# Worried



## Celt (Dec 27, 2010)

I'm worried about my African Clawed Frog, Kirby. Yesterday, I was only able to feed him to "pieces" of nightcrawler which he usually gets about 4 but I had to leave (he's in my classroom aquarium). And I wasn't able to feed him his last 2 pieces or put any feeder guppies in to last the weekend (3 days). I know there are some people who have/had thse kind of frogs, do you guys think he'll be okay? I hope he will be, my kids and I would be devastated if something happen to him (especially since it would be my fault).:help:


----------



## wolfsnaps88 (Jan 2, 2012)

I think he can survive 3 days without food.

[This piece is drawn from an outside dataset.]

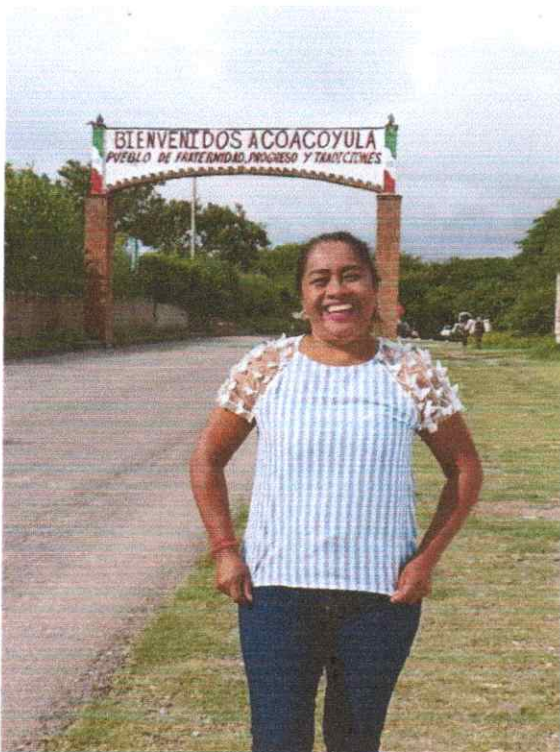
Este día realizamos un convivio por la celebración del adulto mayor con vecinos y comisarios de Coacoyula de Álvarez, al sur de nuestro municipio de Iguala, Guerrero.

I think he could probably survive longer than that without eating. Just make sure to feed him when you get back


----------



## Maxy24 (Mar 5, 2011)

I'm sure Kirby will be fine! I've left my pair for four day weekends without food and they've been fine. They always swim up to me shoving imaginary food in their mouths when I come back, but they are perfectly fine.


----------



## swolek (Mar 31, 2011)

Yeah, he'll be fine. To be honest, most people overfeed them to begin with, haha. I don't have an ACF but when I kept ADFs I only fed them twice a week.


----------



## AveryandAudrey (Sep 20, 2010)

I'm pretty sure he'll do just fine. Frogs in the wild (fully aquatic or not) often dont eat daily to begin with.


----------



## Celt (Dec 27, 2010)

Thanks for relieving my mind. My hubby says that Kirby looks too much like a tear drop for him going a few days without food to hurt him much. I had read that every day feeding wasn't neccessary but...he begs for food so...I feed him. Gah, even the frog is spoiled. He will probably be quite put out with me.


----------